Actually, the Reserves are perfectly designed to fit the lifestyle of students, aged 16 to 25, before they leave school and start a 'real life'. All of our major training periods are built around the school year.

As such, the Reserves should be a force packed with students, led largely by teachers and people in other public service occupations who have fairly stable local jobs that are 'Reserve schedule friendly'. A guy like me, self-employed in the professional services sector, is perfectly unsuited (in more ways than one  ) for Reserve employment.

Ignoring that reality, and not integrating more with the educational/ public sector systems across the country, further distances the Reserves from a truly transformational refresh.


----------



## FJAG (3 Jan 2022)

daftandbarmy said:


> Actually, the Reserves are perfectly designed to fit the lifestyle of students, aged 16 to 25, before they leave school and start a 'real life'. All of our major training periods are built around the school year.
> 
> As such, the Reserves should be a force packed with students, led largely by teachers and people in other public service occupations who have fairly stable local jobs that are 'Reserve schedule friendly'. A guy like me, self-employed in the professional services sector, is perfectly unsuited (in more ways than one  ) for Reserve employment.
> 
> Ignoring that reality, and not integrating more with the educational/ public sector systems across the country, further distances the Reserves from a truly transformational refresh.


Exactly right - with the possible exception of the leadership part. 

Reserve service needs to be Class A oriented which means young folks with the time to learn all the appropriate skills and practice them during summer holidays until they are proficient in them and thereafter go into a routine minimum refresher training cycle (rigorously set a year in advance) which can be easily accommodated into family and work schedules.

Class B's should be the exception rather than the rule for longer career courses and filling in for short duration events such as parental leave rather than the plugging of long term holes due to poor Reg F recruiting and training of replacements or to fill ad hoc positions where no actual Reg F PY exists.

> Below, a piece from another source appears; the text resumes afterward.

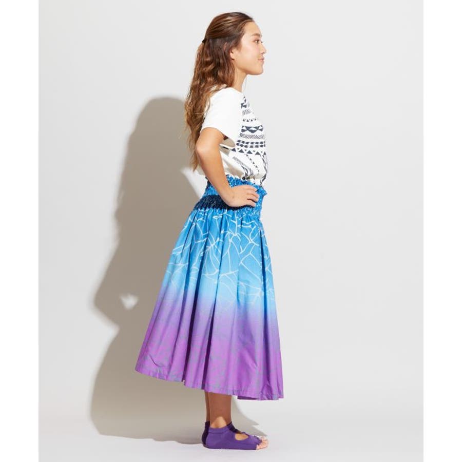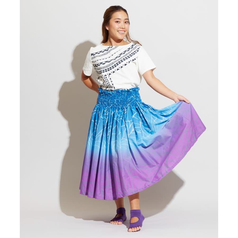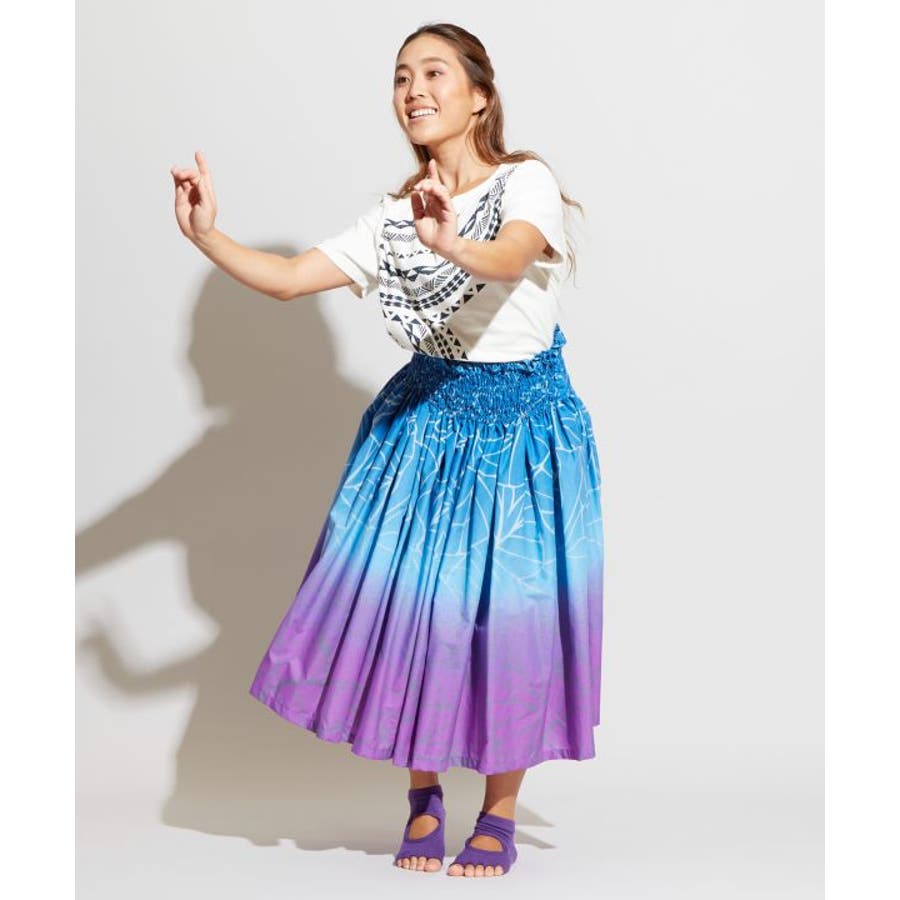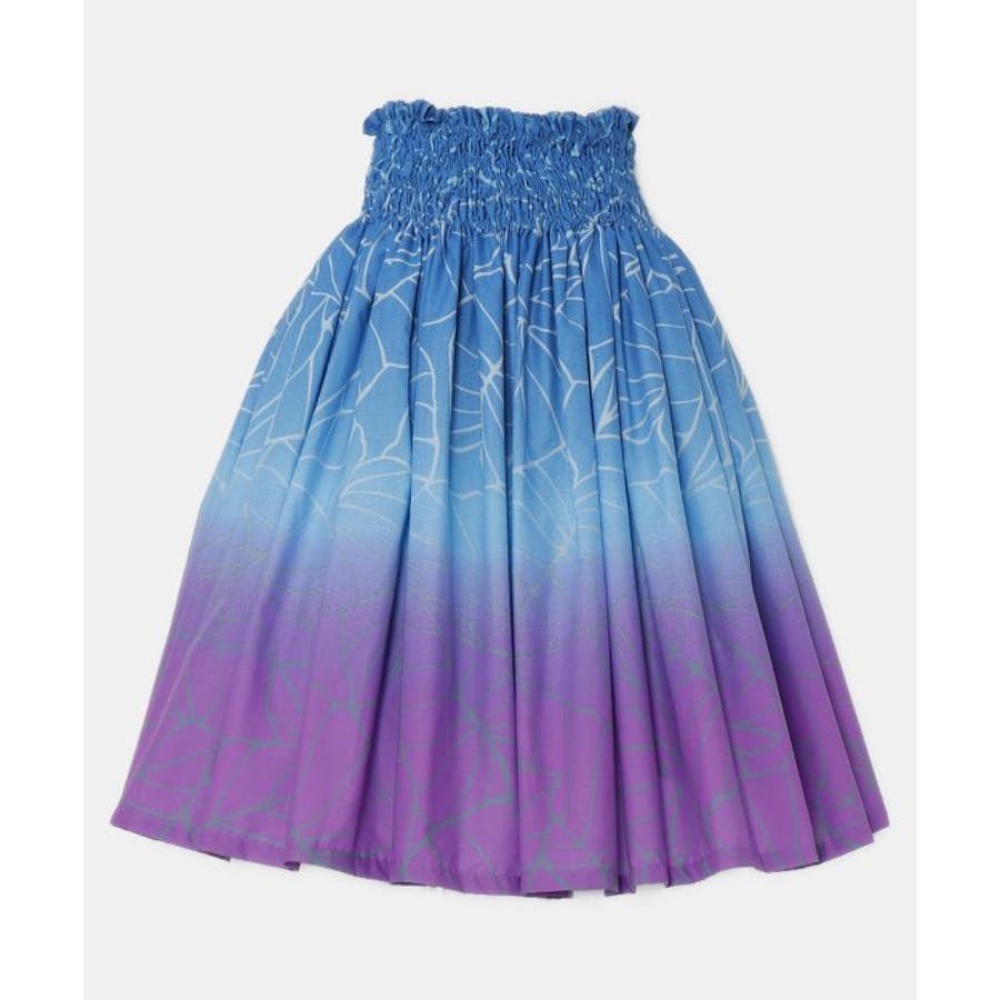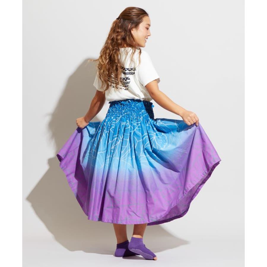 マウナロアオリジナルファブリックを使用した既製品シングルパウ。「Ohana(オハナ=家族)」の象徴とされ、ハワイの人々にとって大切な植物「タロ」。神話にも登場するこのタロの葉をポリネシアのムード溢れるビビッドカラーのグラデーションの中に描きました。4ヤード(約3.6m)のたっぷりギャザーに安定のウエスト4本ゴムを使用しています。ご自身で調整できるウエストゴム仕様。グラデーションが美しいデザインが魅力的です。サイズ:スカート丈73cm

As for leadership. Regretfully, I think the age of the civil servant or teacher commanding officer went its way with the C1 rifle (if not the Lee Enfield). There will always be a place for the special individual who can make the time and has the talent to earn his place but the two-week major qualifying MITCP company commander no longer has a place in the system. They are now part of the problem and not the solution. 

🍻


----------



## dapaterson (3 Jan 2022)

FJAG said:


> As for leadership. Regretfully, I think the age of the civil servant or teacher commanding officer went its way with the C1 rifle (if not the Lee Enfield). There will always be a place for the special individual who can make the time and has the talent to earn his place but the two-week major qualifying MITCP company commander no longer has a place in the system. They are now part of the problem and not the solution.
> 
> 🍻



Most of them were never part of the solution.  Initial commitment to become trained was always necessary, but waived.  Few made it through the two weeks a year process, but were valued for their 2-3 evenings a month where they could run the mess or other such priorities.


----------



## MilEME09 (3 Jan 2022)

dapaterson said:


> Most of them were never part of the solution.  Initial commitment to become trained was always necessary, but waived.  Few made it through the two weeks a year process, but were valued for their 2-3 evenings a month where they could run the mess or other such priorities.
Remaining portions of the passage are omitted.